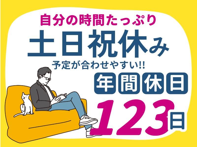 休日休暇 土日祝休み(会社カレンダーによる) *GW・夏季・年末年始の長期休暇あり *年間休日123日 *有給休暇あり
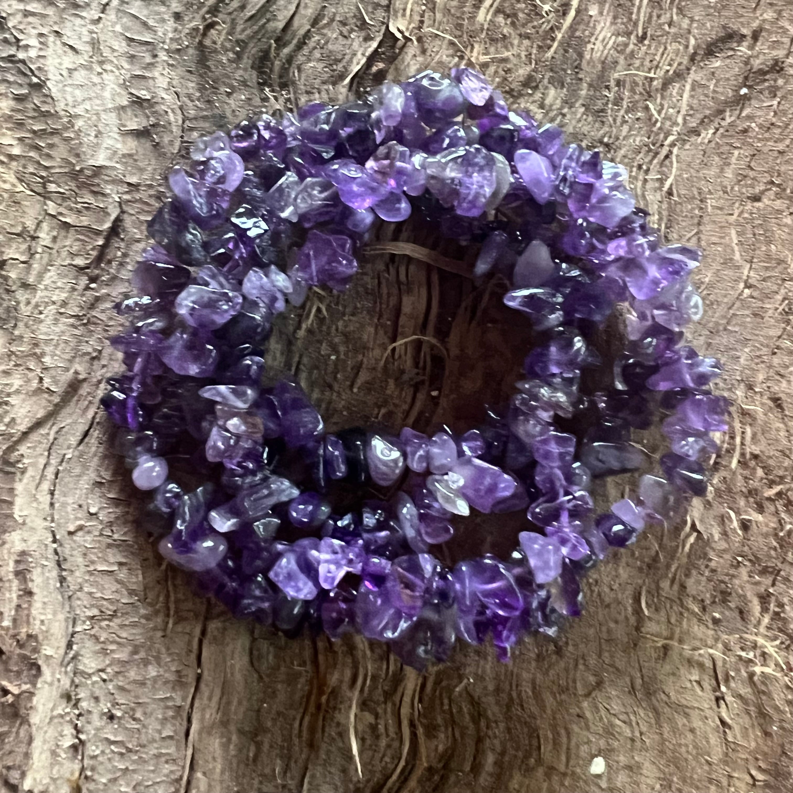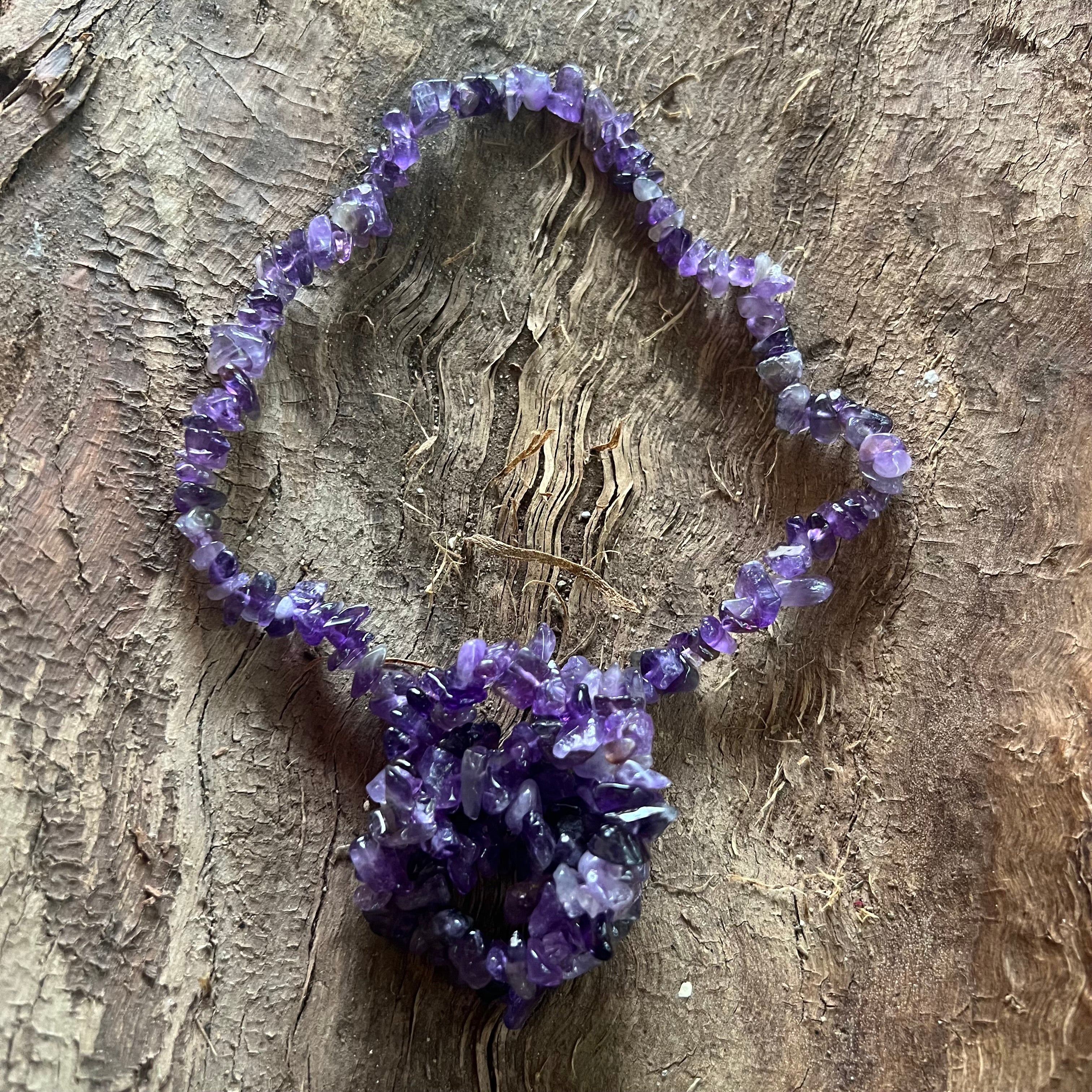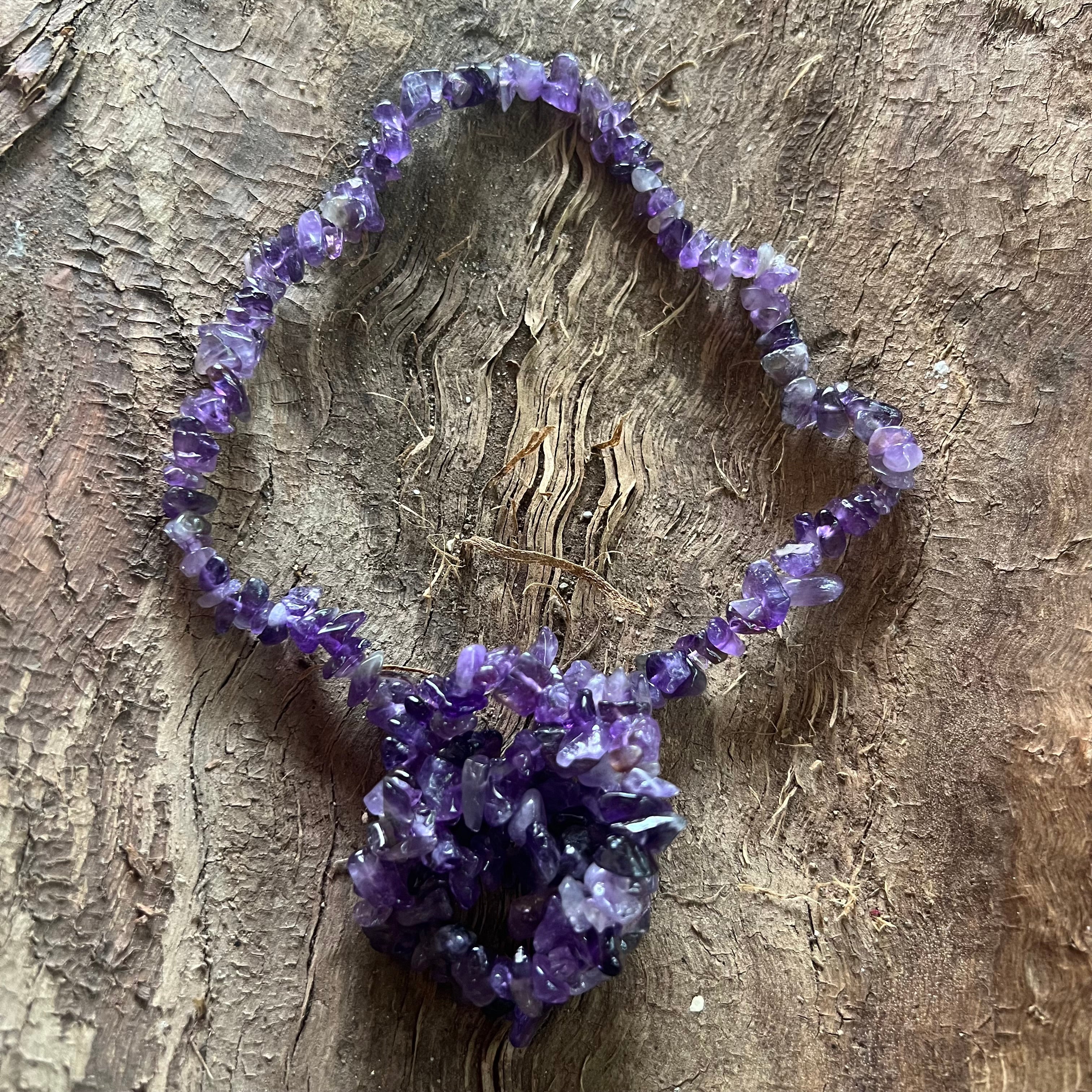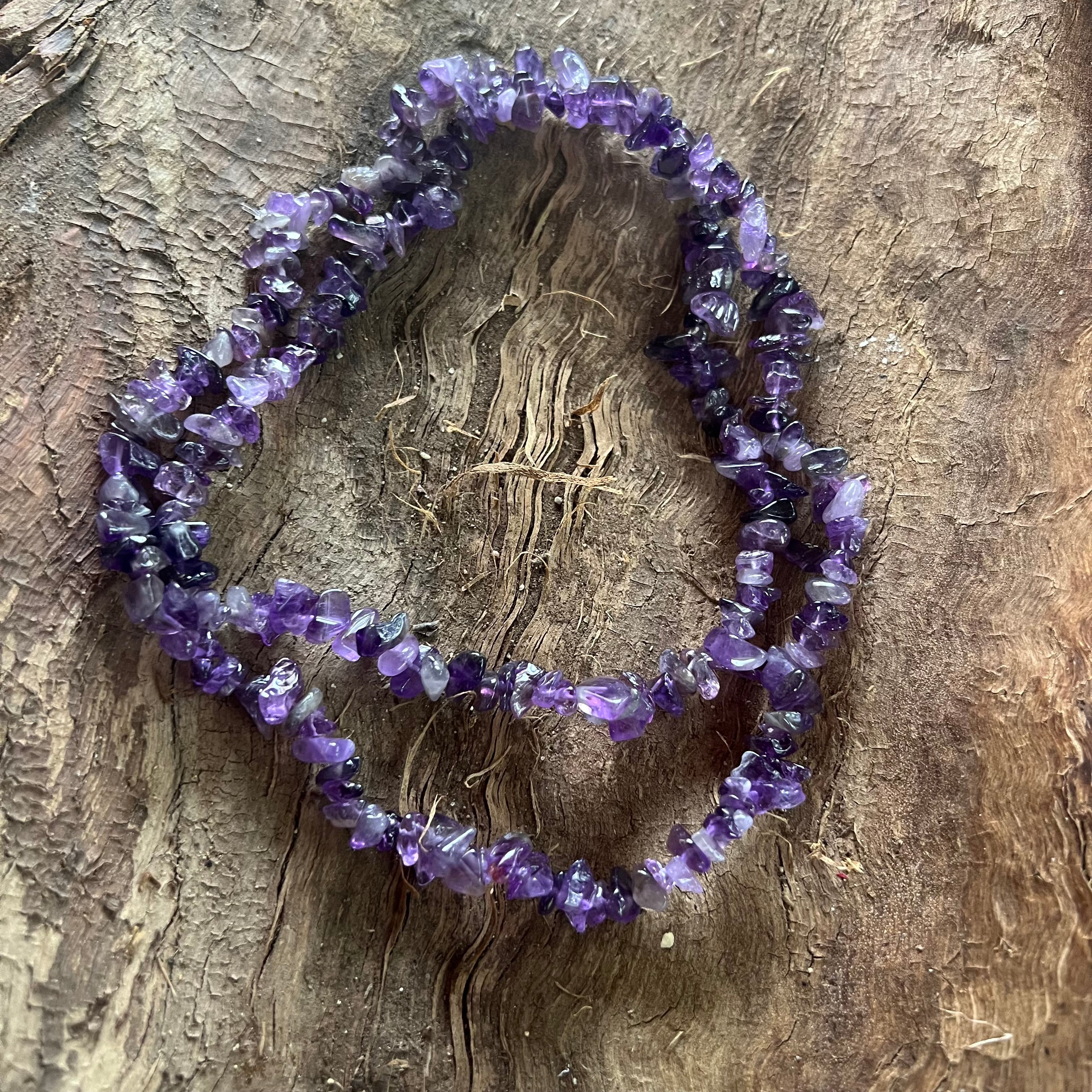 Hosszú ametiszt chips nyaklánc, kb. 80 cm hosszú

================

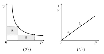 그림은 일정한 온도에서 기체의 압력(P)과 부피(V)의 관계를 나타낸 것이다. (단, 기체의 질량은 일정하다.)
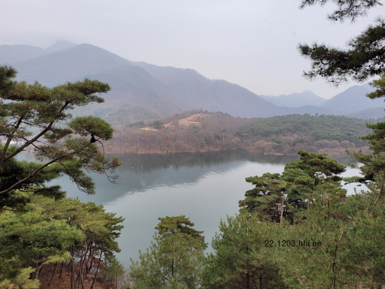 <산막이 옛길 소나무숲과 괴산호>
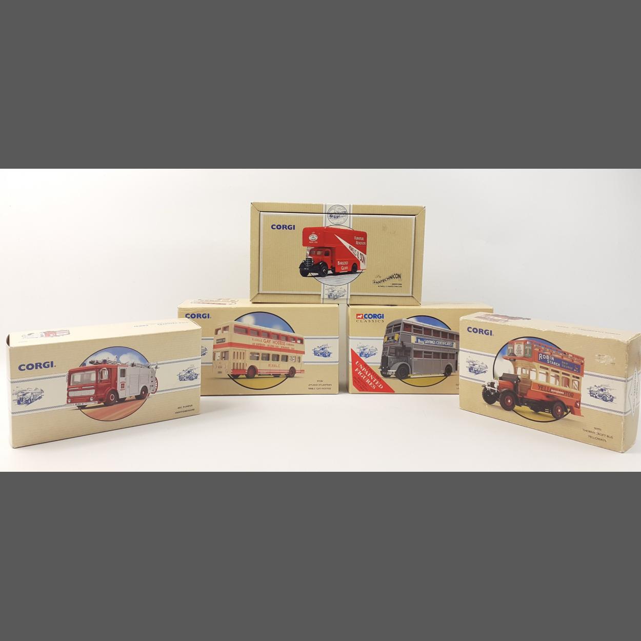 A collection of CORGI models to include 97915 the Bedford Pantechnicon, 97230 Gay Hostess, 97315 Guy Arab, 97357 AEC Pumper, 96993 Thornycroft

================

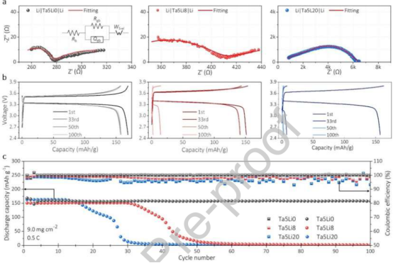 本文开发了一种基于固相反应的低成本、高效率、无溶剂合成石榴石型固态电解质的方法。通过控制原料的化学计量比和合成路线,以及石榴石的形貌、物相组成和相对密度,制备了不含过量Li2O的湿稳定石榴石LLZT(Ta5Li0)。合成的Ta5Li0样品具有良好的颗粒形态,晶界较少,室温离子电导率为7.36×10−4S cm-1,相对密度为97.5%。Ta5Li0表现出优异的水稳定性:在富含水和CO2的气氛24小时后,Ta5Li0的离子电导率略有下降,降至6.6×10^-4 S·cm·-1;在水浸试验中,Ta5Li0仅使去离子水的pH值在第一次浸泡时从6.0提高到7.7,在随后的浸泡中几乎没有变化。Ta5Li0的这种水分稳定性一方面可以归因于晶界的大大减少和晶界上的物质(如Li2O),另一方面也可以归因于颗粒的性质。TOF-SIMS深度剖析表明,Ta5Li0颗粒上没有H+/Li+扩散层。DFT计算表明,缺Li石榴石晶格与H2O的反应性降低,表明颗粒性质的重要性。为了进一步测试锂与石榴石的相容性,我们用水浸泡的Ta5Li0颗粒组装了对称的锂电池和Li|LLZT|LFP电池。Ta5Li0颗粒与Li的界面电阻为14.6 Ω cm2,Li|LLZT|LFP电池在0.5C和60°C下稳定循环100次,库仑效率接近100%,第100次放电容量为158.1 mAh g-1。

================

Work instruction = Although the records above contain pictures, the copy should not; retype exactly the lines from the one containing "<산막이 옛길 소나무숲과 괴산호>" through the one containing "A collection of".

Solution to this exercise =
 <산막이 옛길 소나무숲과 괴산호>
 A collection of CORGI models to include 97915 the Bedford Pantechnicon, 97230 Gay Hostess, 97315 Guy Arab, 97357 AEC Pumper, 96993 Thornycroft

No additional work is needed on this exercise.